Sixty years ago, the Washington Figure Skating Club became a full-fledged member of the United States Figures Skating Association, following a year as a probationary organization. The organizer, and first president, was Dr. Christopher Meyer. Skating sessions were held in the Riverside Stadium, located on a site near where the Kennedy Center for the Performing Arts now stands. It was an outdoor, artificial surface. The refrigeration, interestingly enough, came from the Christian Heirich Brewery located just across the street, now a maze of roads.

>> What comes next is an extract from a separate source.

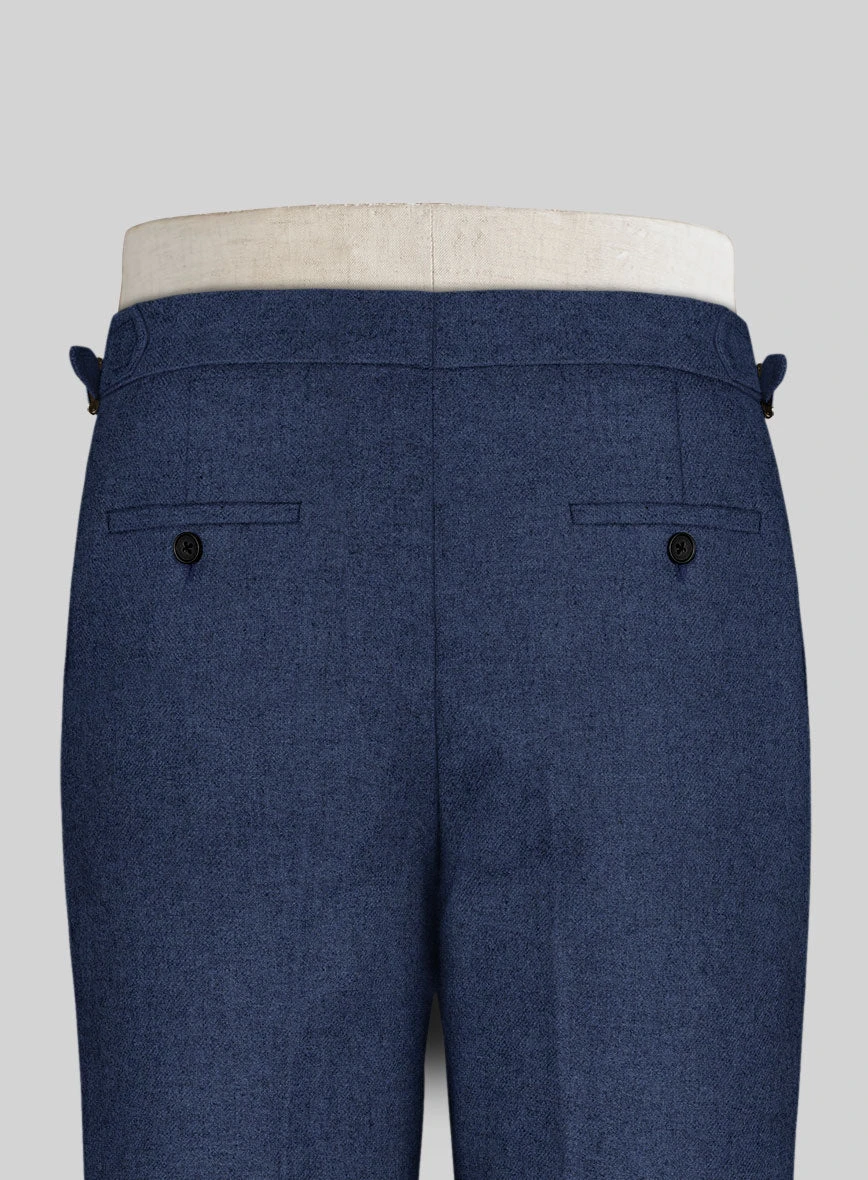 The Rope Weave Persian Blue Highland Tweed Trousers are the smartest dress that most men will need outside professional offices. Crafted from wool, the trousers are beautifully tailored for a timeless appearance so that nothing can knock the blue pants in fine tweed.
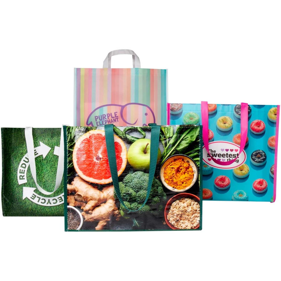 Pudełko z 4 laminowanymi torbami na zakupy w różnych rozmiarach: Laminowana tkana torba na zakupy wykonana z PET z recyklingu o gramaturze 140 g/m² (36 x 32 x 12 cm), laminowana nietkana torba na zakupy o gramaturze 120 g/m² (40 x 45 x 17 cm), laminowana nietkana torba na zakupy o gramaturze 120 g/m² (40 x 35 x 20 cm) i laminowana tkana torba na zakupy o gramaturze 140 g/m² (42 x 32 x 16 cm).

A year later (1939), the rink was enclosed and the club staged its first carnival. Scrapbooks reveal that approximately 2,000 people attended it. After its enclosure, Riverside Stadium became the Washington D.C. stop for the Ice Follies, one of the major traveling ice extravaganzas. Little did we know at that time, that one of its headliners, Osborne Colson, Champion of Canada, would exert his considerable influence on the Club when he joined the coaching staff in 1946.
That same year, the Chevy Chase Ice Palace was constructed on Connecticut Avenue. The ice surface (somewhat smaller in size than the surfaces to which we are now accustomed) was located on the second floor along side a furrier. The building also contained two floors for bowling.
In 1941, the Washington Figure Skating Club moved its headquarters to the Ice Palace, absorbing members of the Skating Club of Washington to become in the fullest sense, the Washington Figure Skating Club Inc. This merger brought into the fold many dynamic personalities and talents that contributed greatly to the club's development and success.